SUPPLIED INFORMATION START
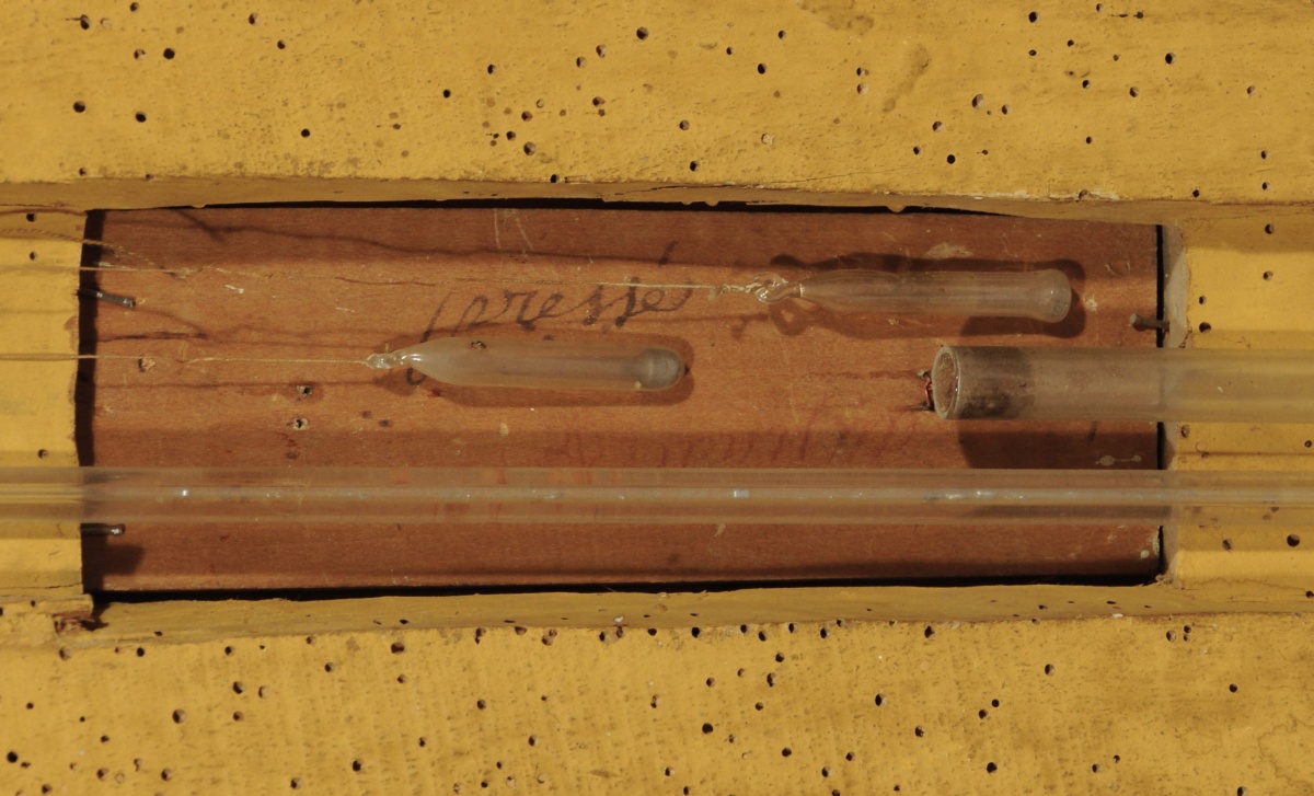 BAROMÈTRE en bois sculpté, stuqué et doré, coiffé d'un bouquet et de guirlandes de fleurs. Cadran de forme ovale peint à fond blanc avec l'inscription " AU THELESCOPE. QUAY DE L'HORLOGE ", au-dessus d'un thermomètre Réaumur. Culot feuillagé. Baromètre à mercure.
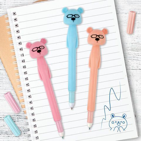 Ручка фигурная МИШКА мягкий корпус 0,35мм, синяя купить оптом и в розницу в Перми
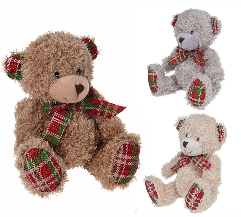 Λούτρινο αρκουδάκι με καρώ λεπτομέρειες,3χρ.18cm
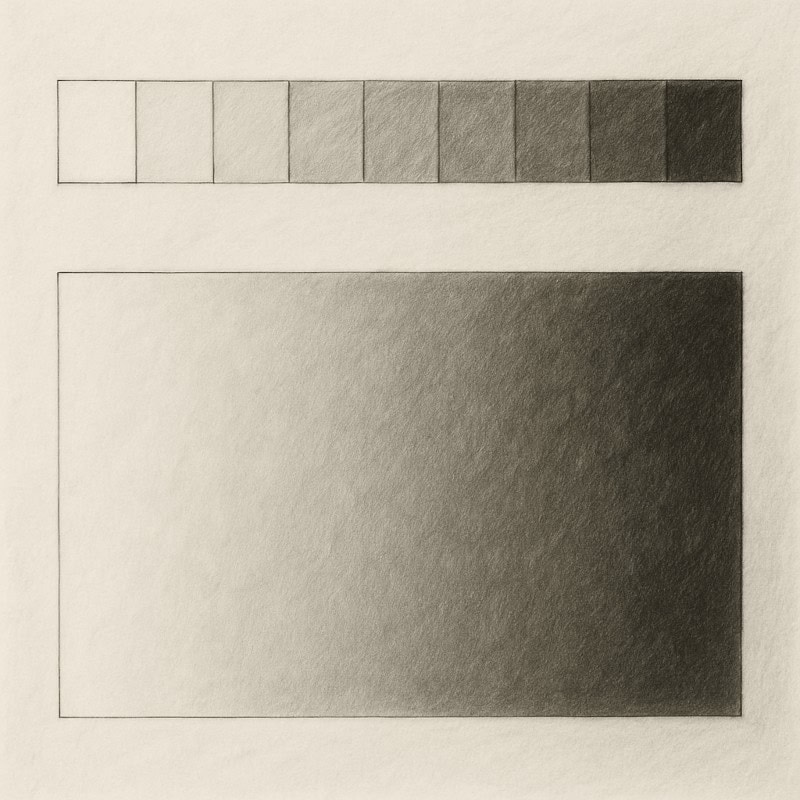 - Draw a row of 9 small boxes. Shade them from pure white (leave blank) to solid black, with each box a step darker than the last.
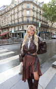 Fund ngjyre kafe, me shtresa dhe detaje kopsa, i gjate deri posht gjurit. Model modern dhe elegant, perfekt per kombinime unike.
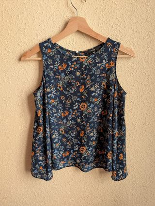 Preciosa blusa sin mangas de Terranova, talla S. Es de color azul oscuro con estampado floral en tonos naranjas. Luce impecable y tiene un corte favorecedor. - Cuello redondo - Sin mangas - Corte amplio
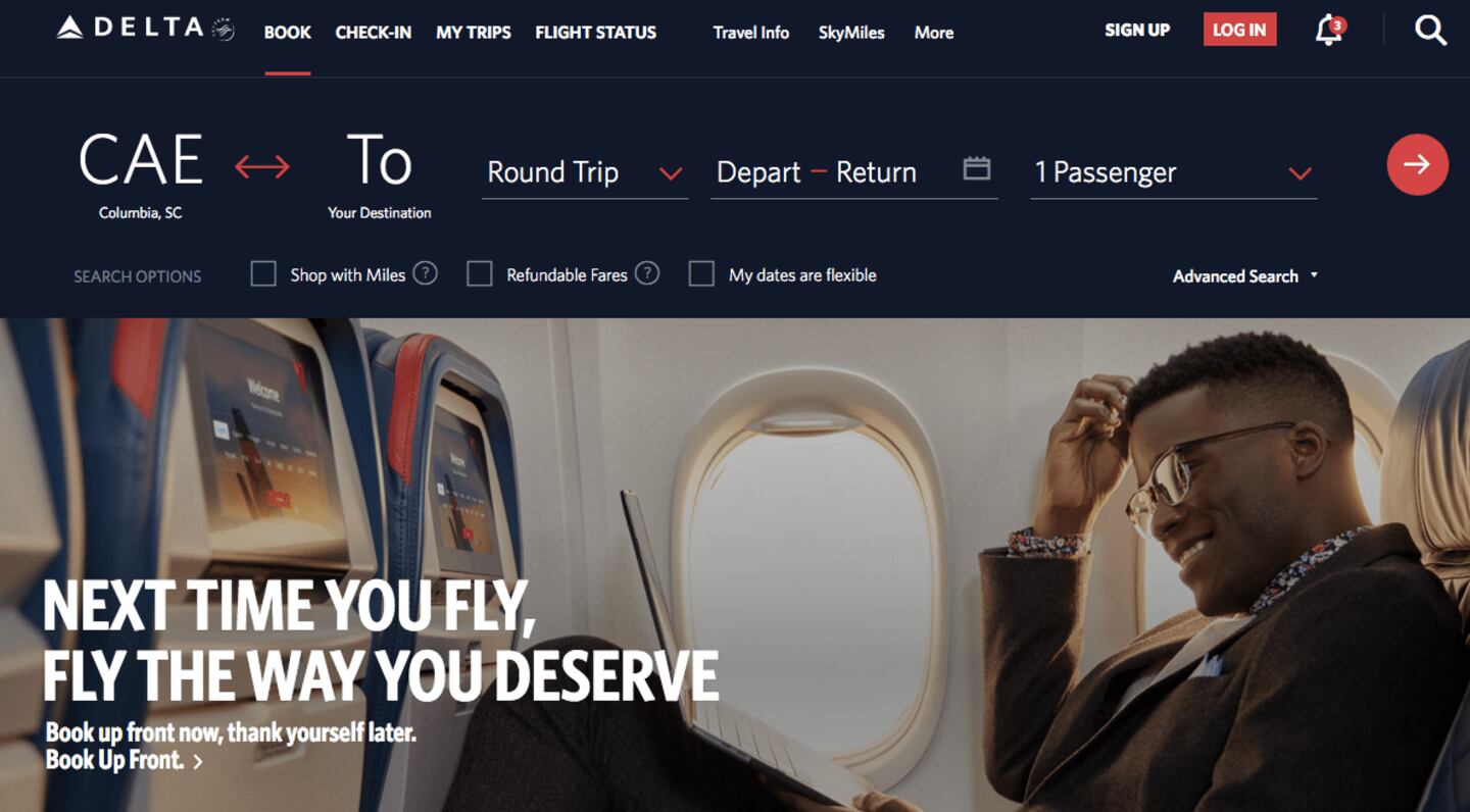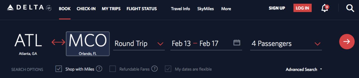 First, I would go to the Delta homepage, put in my trip details and check the “Shop with Miles” box:
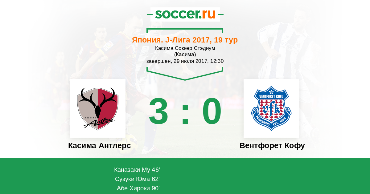 Касима Антлерс - Вентфорет Кофу: обзор матча 29 июля 2017
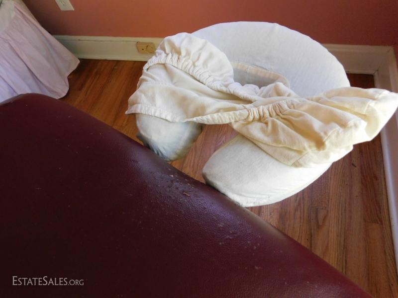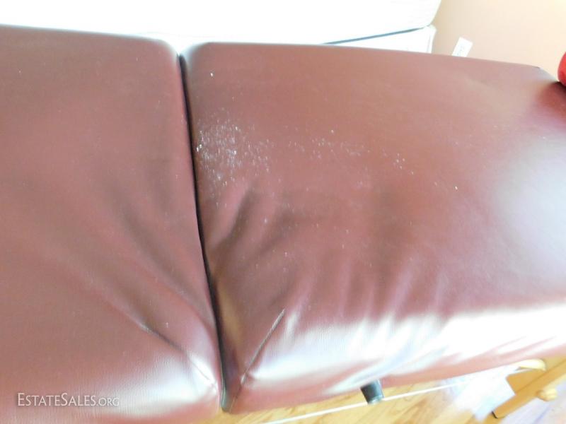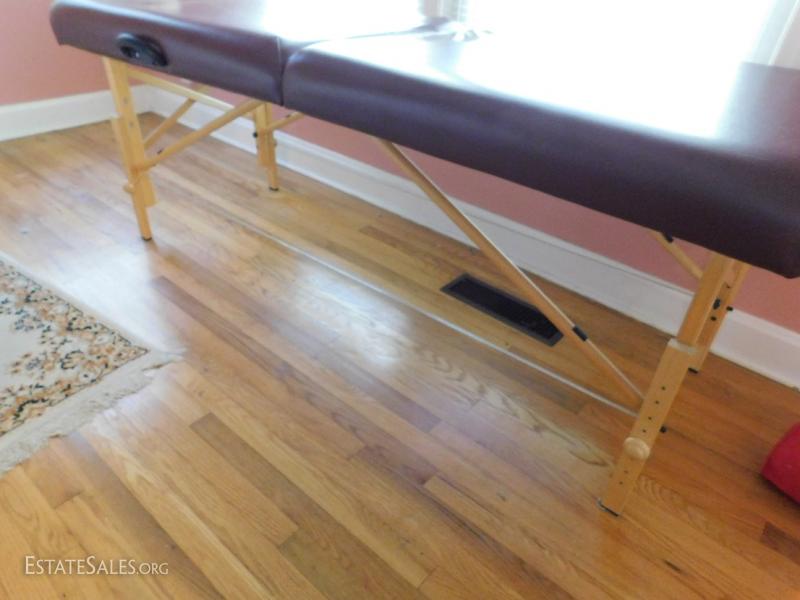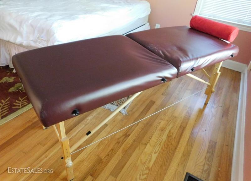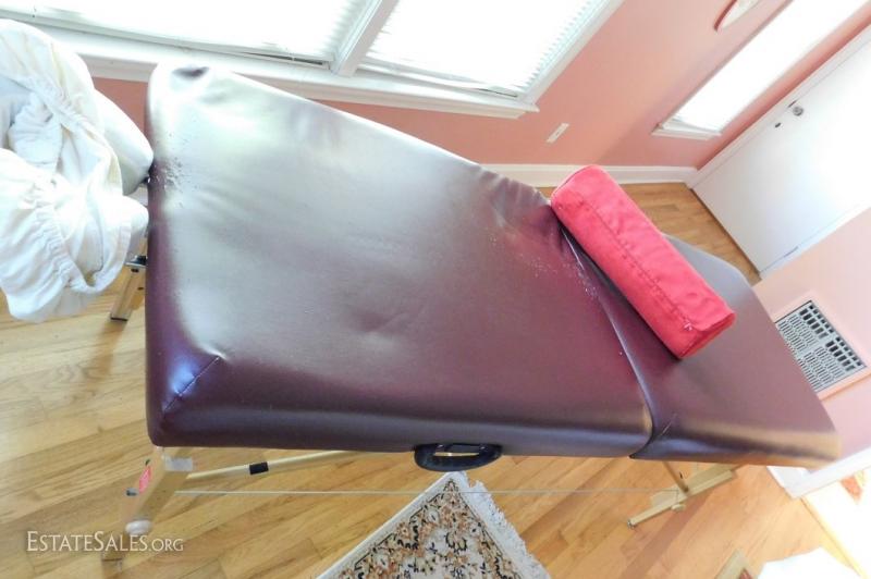 Massage Table with padded head rest. Could not find a brand name. Some picks and scratches on upholstery. Sturdy
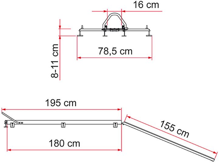 Składa się z dwóch teleskopowych szyn, jedna z paskiem antypoślizgowym
SUPPLIED INFORMATION END
## TASK STATEMENT
In the material above, retype exactly the lines that run from the one containing "Касима Антлерс - Вентфорет" through the last line, and keep out the pictures.

## RESPONSE TO THE EXERCISE
 Касима Антлерс - Вентфорет Кофу: обзор матча 29 июля 2017
 Massage Table with padded head rest. Could not find a brand name. Some picks and scratches on upholstery. Sturdy
 Składa się z dwóch teleskopowych szyn, jedna z paskiem antypoślizgowym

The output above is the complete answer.